Write out exactly the lines below starting at the one containing "這是黑龍江扎龍國家級自然保護區的丹頂鶴(2022年10月21日攝)。 新華社發(fā)(宋燕軍 攝)" and ending at the one containing "EQUATE PROFESSIONAL CLEAN". Omit every picture.

*Supplied records*:
[Start of section]
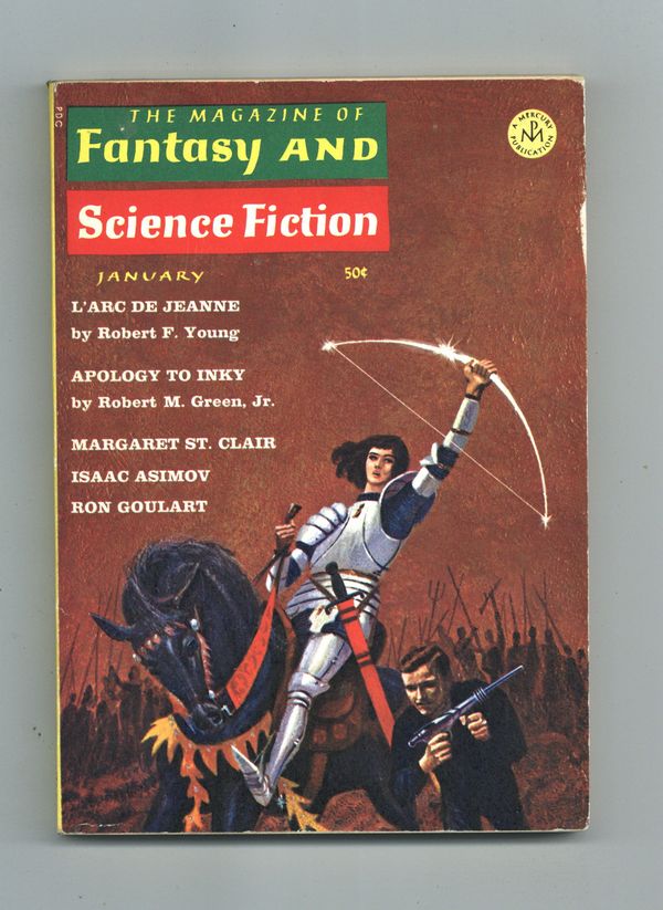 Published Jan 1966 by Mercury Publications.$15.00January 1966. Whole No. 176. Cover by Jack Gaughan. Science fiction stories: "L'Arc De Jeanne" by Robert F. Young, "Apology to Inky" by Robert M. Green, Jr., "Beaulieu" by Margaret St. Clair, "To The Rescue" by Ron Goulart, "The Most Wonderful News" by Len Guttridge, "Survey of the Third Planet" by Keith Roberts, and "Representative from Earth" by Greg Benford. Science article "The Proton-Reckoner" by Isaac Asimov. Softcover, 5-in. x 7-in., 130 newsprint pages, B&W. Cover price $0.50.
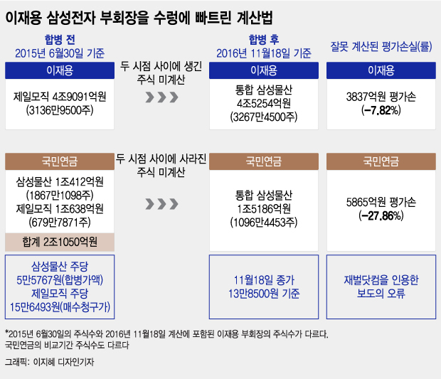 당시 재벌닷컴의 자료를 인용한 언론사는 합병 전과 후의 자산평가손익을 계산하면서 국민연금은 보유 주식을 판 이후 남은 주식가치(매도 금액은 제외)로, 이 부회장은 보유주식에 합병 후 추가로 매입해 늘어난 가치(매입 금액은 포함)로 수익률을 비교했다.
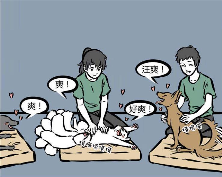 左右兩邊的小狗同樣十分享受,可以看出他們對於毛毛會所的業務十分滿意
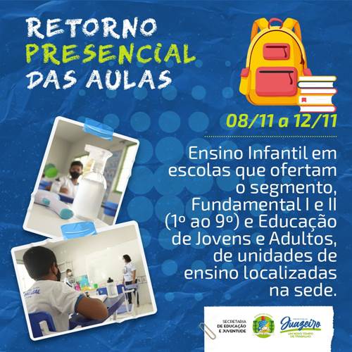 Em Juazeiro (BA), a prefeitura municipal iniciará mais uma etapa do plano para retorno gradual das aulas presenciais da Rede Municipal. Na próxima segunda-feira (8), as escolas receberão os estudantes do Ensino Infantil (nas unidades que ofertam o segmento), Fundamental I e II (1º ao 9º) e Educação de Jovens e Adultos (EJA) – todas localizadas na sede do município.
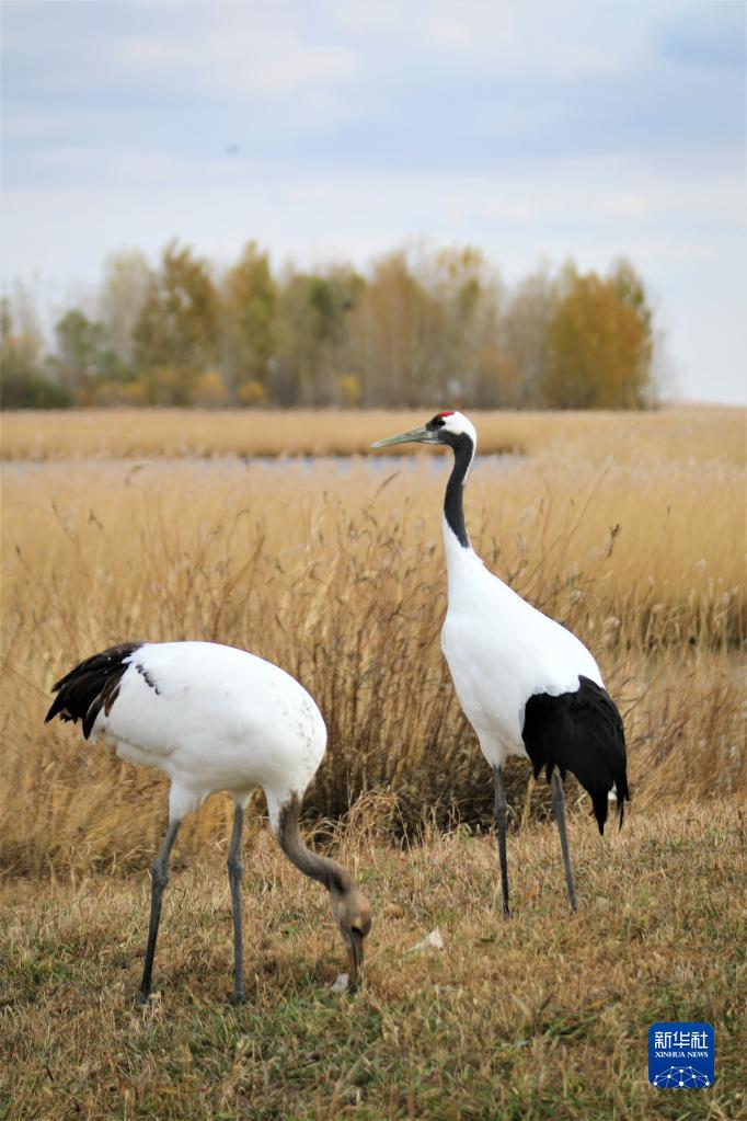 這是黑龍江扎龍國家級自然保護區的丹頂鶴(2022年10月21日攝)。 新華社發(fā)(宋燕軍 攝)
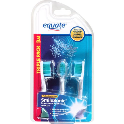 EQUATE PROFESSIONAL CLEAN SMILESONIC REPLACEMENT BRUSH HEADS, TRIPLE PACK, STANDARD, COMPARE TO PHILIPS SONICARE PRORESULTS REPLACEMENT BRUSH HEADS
[End of section]
[Start of section]
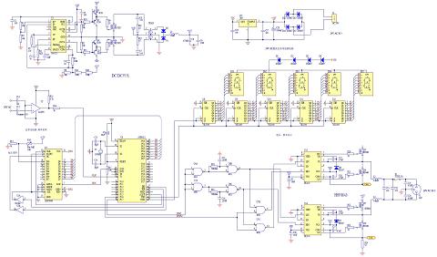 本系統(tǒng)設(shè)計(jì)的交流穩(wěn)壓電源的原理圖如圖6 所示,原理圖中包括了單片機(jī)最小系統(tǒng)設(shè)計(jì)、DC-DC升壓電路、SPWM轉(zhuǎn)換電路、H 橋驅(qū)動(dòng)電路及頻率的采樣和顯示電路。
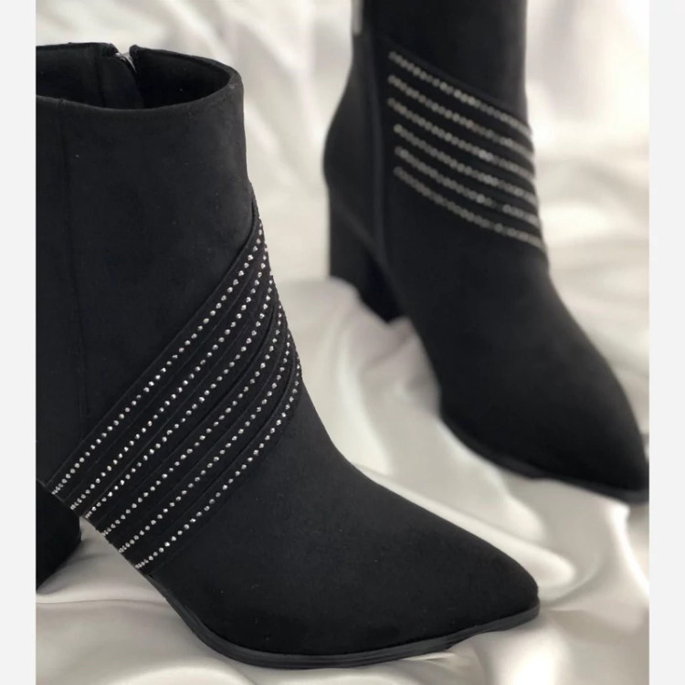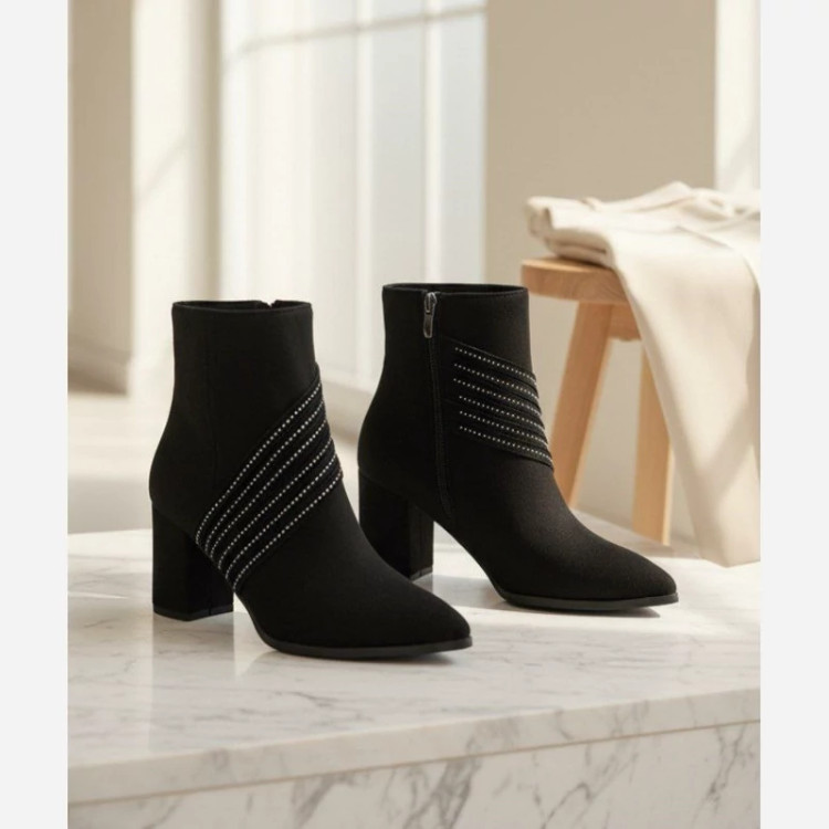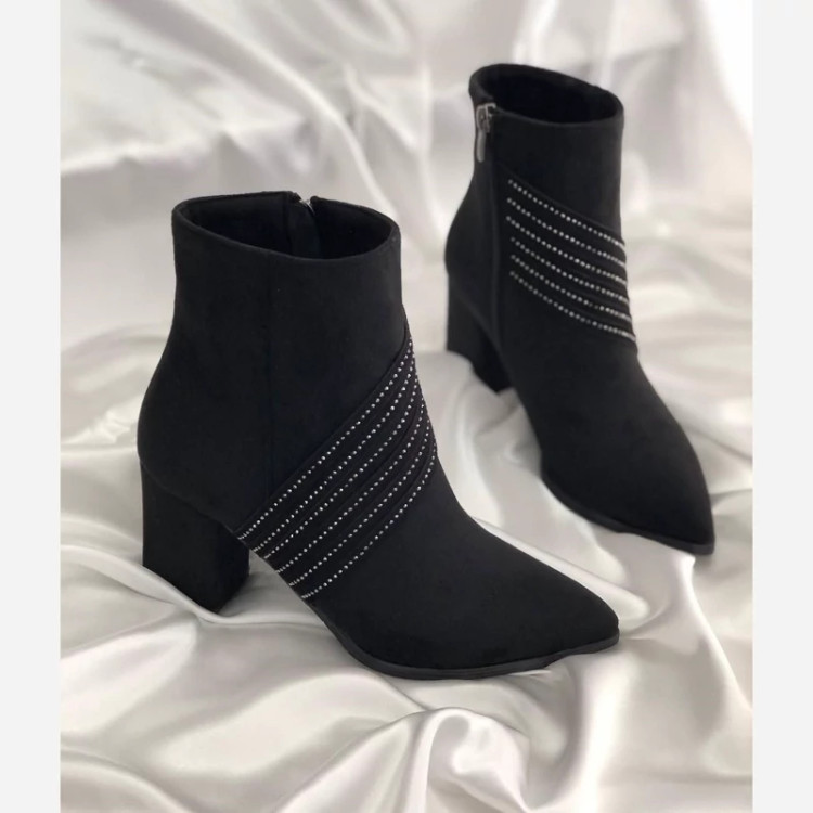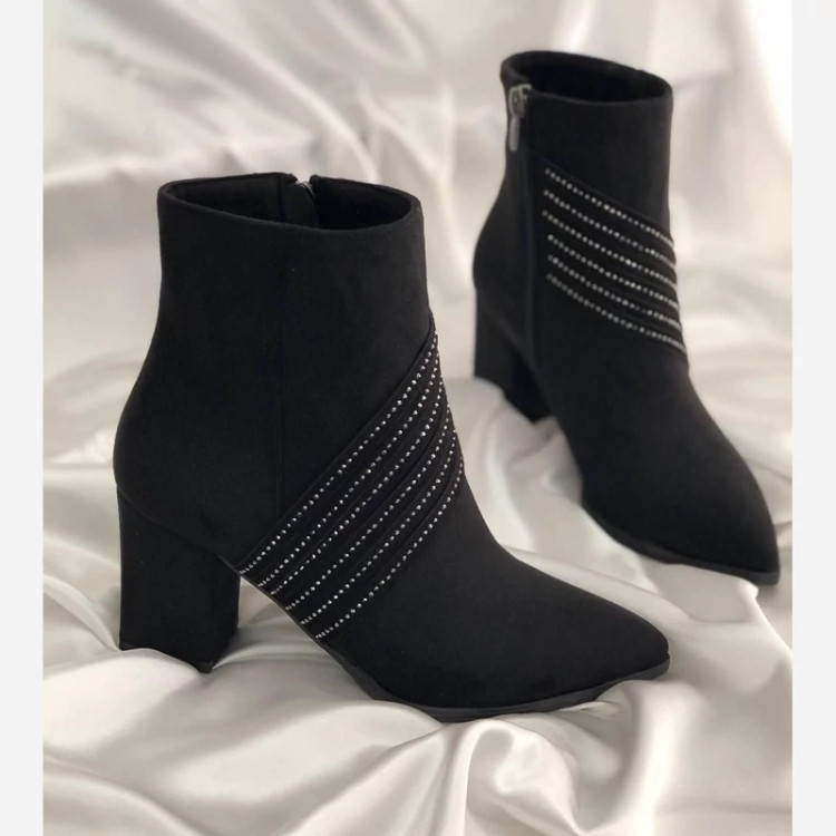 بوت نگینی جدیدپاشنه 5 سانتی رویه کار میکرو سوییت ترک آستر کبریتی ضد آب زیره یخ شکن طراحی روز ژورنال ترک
[End of section]
*Solution for this task*:
 這是黑龍江扎龍國家級自然保護區的丹頂鶴(2022年10月21日攝)。 新華社發(fā)(宋燕軍 攝)
 EQUATE PROFESSIONAL CLEAN SMILESONIC REPLACEMENT BRUSH HEADS, TRIPLE PACK, STANDARD, COMPARE TO PHILIPS SONICARE PRORESULTS REPLACEMENT BRUSH HEADS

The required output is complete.